Fortunatamente, però, un’altra delle sue idee renderà il fallimento memorabile. In quasi tutte le foto ad oggi reperibili Haemmerle è ritratto – sorridente, muscoloso e con un famigliare ciuffo «a banana» – con una particolarissima chitarra a forma di razzo spaziale, dal design slanciato e con il manico a punta proteso verso il cielo. Una trovata ironica e quanto mai attuale, in tempi in cui gli Stati Uniti si preparavano a sbarcare sulla luna.
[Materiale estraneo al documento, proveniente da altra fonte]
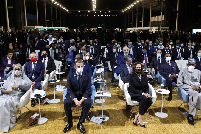 Kamala Harris i Emmanuel Macron na otwarciu Paris Peace Forum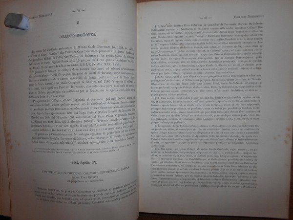 così suddivisi: Parte I Rettori e professori, Parte II Documenti, Parte III Epistolario. Con tabb. n.t. Fondamentale e corposa fonte storica e bibliografiche. Uff. A - I - 7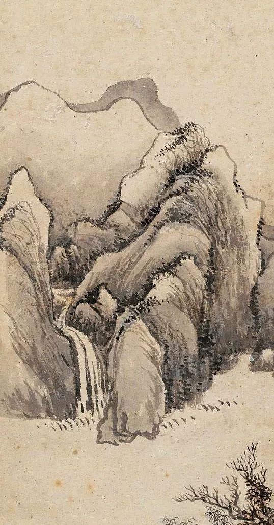 王翚画这幅《唐寅诗意图》在笔法构图上像唐寅的风格靠拢。整幅作品看起来很清爽,溪山幽谷,大树草庐,瀑布仿佛一块薄纱涓涓潺潺缓缓淌过。这样秀美的风光一看就是江南美景。王翚擅长画气象万千、气派工秀的山水,在这幅作品里也藏不住这一特点。画面下方有两组大树,溪水左边的松树王翚想要画的古朴天然一些,却看起来很是拘谨。就好比一个人唱歌时喜欢用美声,但偶尔要唱民歌小调虽然音准没有问题,但味道始终不对。能力再强大的画家也藏不住他的习惯,于是有人说过用言语骗人容易,用作品骗人很难。只有投入真挚的情感才能画出好的作品,但凡有一点虚假,整幅作品中就露出败笔。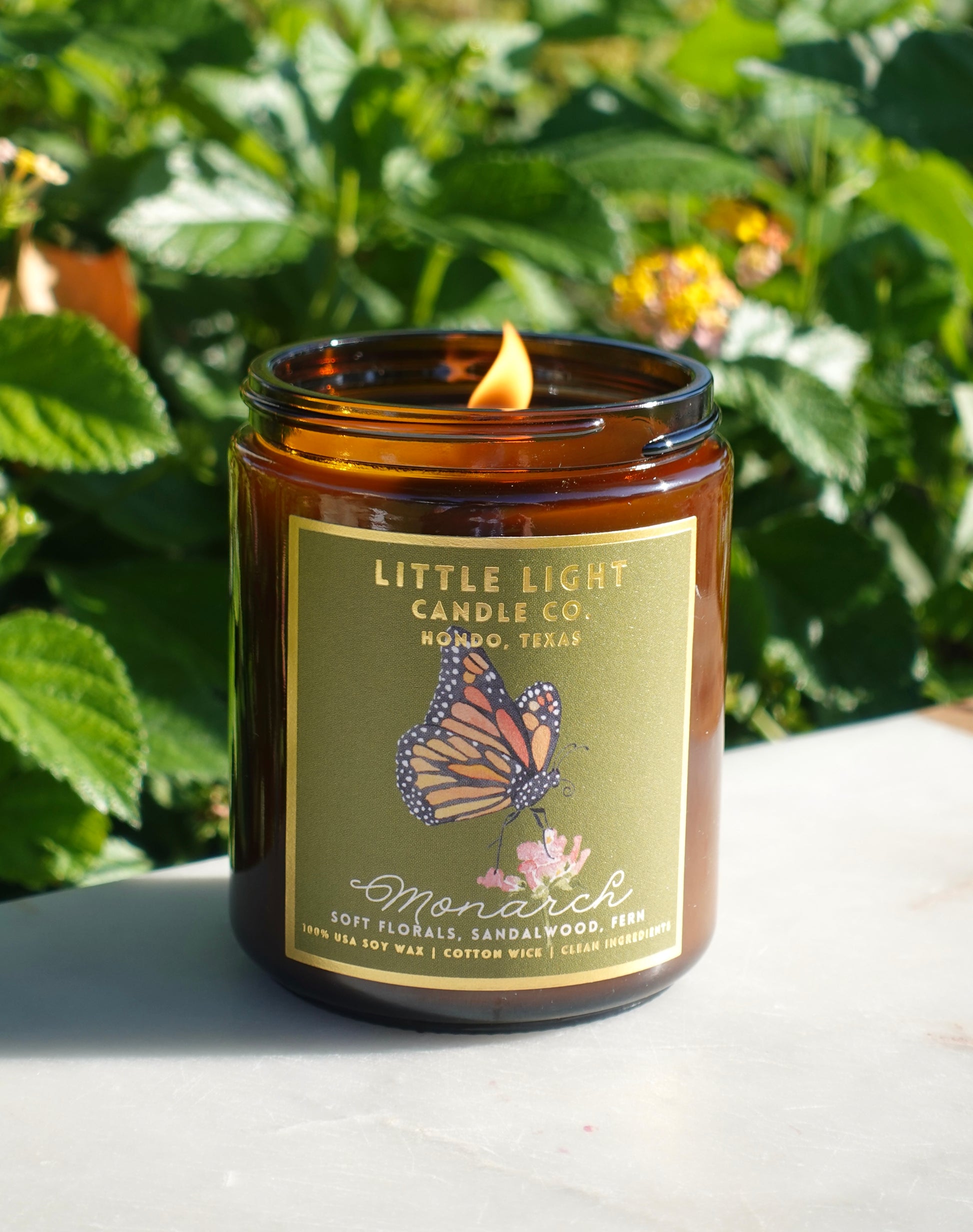 Inspired by the monarch butterfly’s fall migration through Texas to the Oyamel fir forests of Mexico, this candle blends light florals, sandalwood, and fresh fern. A fragrance that celebrates beauty in the journey and the joy of rising higher!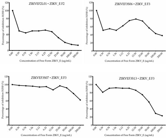 The assay further confirmed the binding abilities of anti-ZIKV_E scFv antibodies. First, the checkerboard titration was performed to determine the appropriate concentration for use in the subsequent assay (Figure S3). After antibody titration, 20 µg/mL was chosen as the concentration to use. Each scFv antibody was incubated with the free form of the ZIKV_E recombinant protein separately, and 1 h later it was added to the ELISA wells plate. The percentage of inhibition was calculated using optical densities in the absence of the free form of ZIKV_E recombinant proteins divided by the presence of serially diluted concentration of the free form of ZIKV_E recombinant proteins. The dissociation constant (KD) of each scFv was calculated using the method of the Klotz plot (Table 3). As indicated, the binding abilities of these scFvs were gradually decreased in a dose-dependent manner (Figure 6). The results showed that the KD values of ZIKV_E scFv were 1.49 × 10−5 to 2.04 × 10−8 M, which suggest that ZIKVEF2L01 scFv had the strongest affinity (2.04 × 10−8 M) whereas ZIKVEF3S07 scFv had the weaker affinity (1.49 × 10−5 M) to the ZIKV_E protein. Nevertheless, these results suggest that ZIKV_E scFv antibodies had the binding affinity for recombinant ZIKV_E-truncated proteins.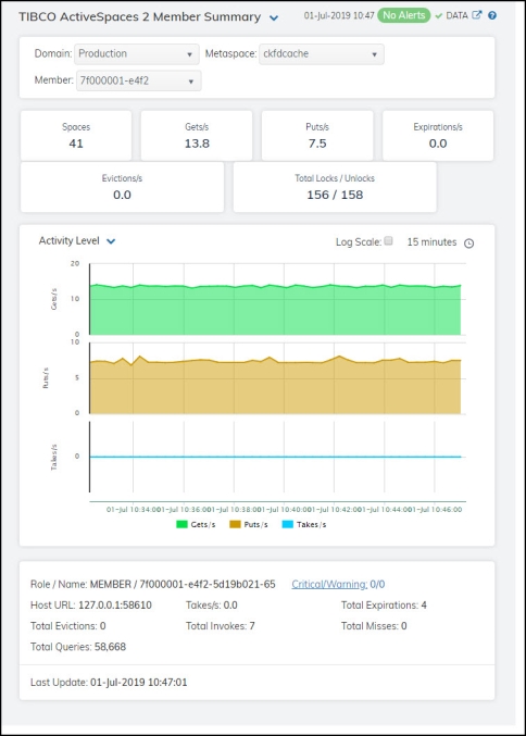 Clicking Single Member in the left/navigation menu opens the TIBCO ActiveSpaces 2 Member Summary display, which allows you to view of the current and historical metrics for a single member. Clicking on the information boxes at the top of the display takes you to the TIBCO ActiveSpaces 2 All Members Table display, where you can view additional member data. There are two options in the trend graph region: Activity Level and Exceptions. In the Activity Level trend graph region, you can view “gets” rate, “puts” rate, and “takes” rate over a selected time range. In the Exceptions trend graph region, you can view “expirations” rate and “evictions” rate over a selected time range. Clicking the Critical/Warning link at the bottom of the display opens the Alerts Table by Component display.

Ma, soprattutto, un’invenzione che è stata anticipatrice: la prestigiosa chitarra elettrica Gibson Flying V – tipicamente usata da gruppi hard rock e metal come Kiss e Metallica – con la sua forma squadrata e appuntita ricorda, infatti, molto da vicino il curioso esemplare, seppur acustico, ideato da Johnny. Si dice anche che, giustamente, ne fosse gelosissimo, e che sognasse in maniera ricorrente il furto del suo strumento: per questo motivo ne produsse due esemplari, oggi oggetto del desiderio dei collezionisti più fanatici.
Ma non è finita qui: negli anni Settanta la disperata ricerca del successo portò Haemmerle anche sul grande schermo, il più delle volte nel ruolo di semplice comparsa: tra i tanti film a cui ha partecipato è possibile citare Serpico, il capolavoro di Sidney Lumet con Al Pacino nella parte del poliziotto protagonista, La Tigresa, una misteriosa e introvabile pellicola di Glauco del Mar, e Crazy Joe, una sceneggiatura italo-americana dedicata a Joseph Gallo – lo stesso gangster a cui Bob Dylan si ispirò per la scrittura del suo brano Joey – diretta dal grande regista Carlo Lizzani.
Man mano che il successo di Elvis aumentava e il suo, al contrario, non ingranava, il pensiero della parentela di lusso si fece sempre più assillante e morboso. In un’intervista rilasciata a un tabloid inglese, Johnny H racconterà di aver incontrato Presley, nel 1964, e di aver discusso con lui per ore del misterioso e inspiegabile rapporto che li legava (Elvis raramente parlava del fratello); nella stessa intervista racconterà anche di strane apparizioni e di incubi inquietanti – tutti sulla presenza di fratelli gemelli – e di un incontro con l’analista Ann Fisher in cui aveva rievocato l’infanzia a Tupelo prima dell’adozione. Al culmine della sua innocente follia, arriverà addirittura a cambiare nome – pratica relativamente diffusa negli Stati Uniti – diventando una volta per tutte Jesse Garon Presley. Vivrà gli ultimi anni della sua vita esibendosi come musicista a livello locale, arrivando anche a vincere un premio nella città di Albany per un’interpretazione di Kentucky Rain, un celebre brano di – guarda caso – Elvis.
Johnny – o Jesse, come avrebbe voluto lui – è morto nel 2003 a Stanford, una piccola città nello Stato di New York dove risiedeva con la sua famiglia.